Rollback dataset — restore from here if anyone reports lost legitimate edits.

wpca_prod.wp_usermeta_prerestore_20260422

2026-05-22

Companion to the above.

recon/logs/wp-users-restore/affected_uids.txt

Permanent

Audit log — the authoritative list of UIDs processed.

6. References

6.1. Skill

  • mysql-operator-backup-restore (at ~/dev/ai-skills-develop/skills/devops/mysql-operator-backup-restore/SKILL.md) — generic workflow for loading an Oracle MySQL Operator backup into a target schema. Covers backup identification, S3 access, loader pod, util.loadDump, common pitfalls.

  • mysql-idealogic-prod (at ~/dev/ai-skills-develop/skills/devops/mysql-idealogic-prod/SKILL.md) — tunnel + credential setup for the cluster.

6.2. Source code inspected during planning

  • admin-service/src/main/java/za/co/idealogic/event/admin/service/EventParticipantImportXLS.java:108 — UID column → PERSON_EXTERNAL_ID mapping

  • admin-service/src/main/java/za/co/idealogic/event/admin/service/EventParticipantImportXLS.java:196 — person.setId(…​) triggers JPA load-by-ID

  • admin-service/src/main/java/za/co/idealogic/event/admin/service/EventParticipantServiceEx.java:661-712 — updateIdentificationDetails

  • wordpress-database/src/main/java/za/co/idealogic/wordpress/UserWrapper.java:92-106 — setName() writes user_nicename + display_name on wp_users

  • database/src/main/java/za/co/idealogic/event/domain/PersonWrapper.java — full list of wp_usermeta keys the import writes

  • Bug #471: EP Import — matchPerson OTHER branch creates duplicate Person. Workaround was IDType=NATIONAL in the CSVs used for Step 6.

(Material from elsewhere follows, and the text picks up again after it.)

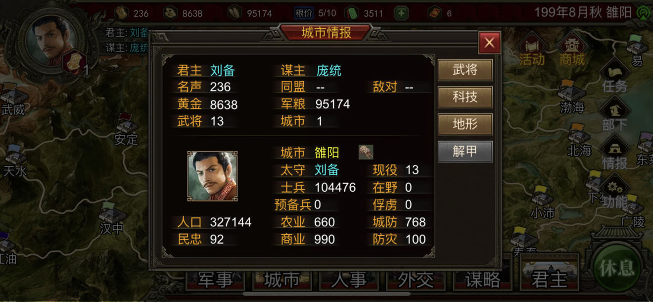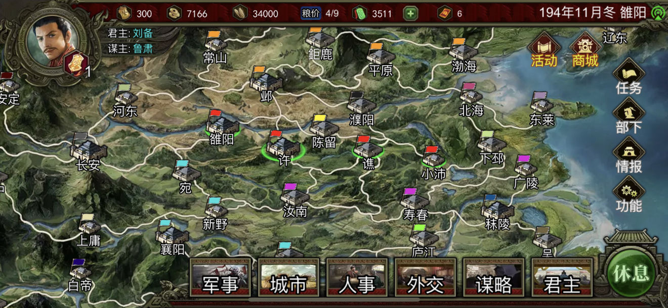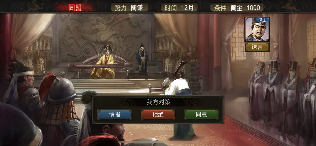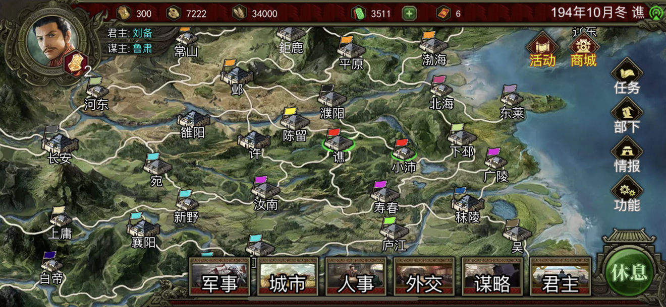 194年10月,孔融,陶谦,公孙瓒主动结盟获得3000金(这个不知道是不是每次都有),3枚政令,全体出征,占领谯消耗一个令,赏赐武将消耗两个令,休息。

  • Feature #442: WPCA Event Migration — EP Import & Result Import Improvements.

  • design-journal/2026-04/wpca-event-migration.adoc — broader migration context.

  • design-journal/2026-04/result-import-improvements.adoc — ADO-452 (laps), ADO-459 (WPCA points), regid-swap rationale for -fixed.csv files.

  • design-journal/2026-04/wp-users-backup-restore.adoc — journal entry for the 2026-04-22 execution of this runbook.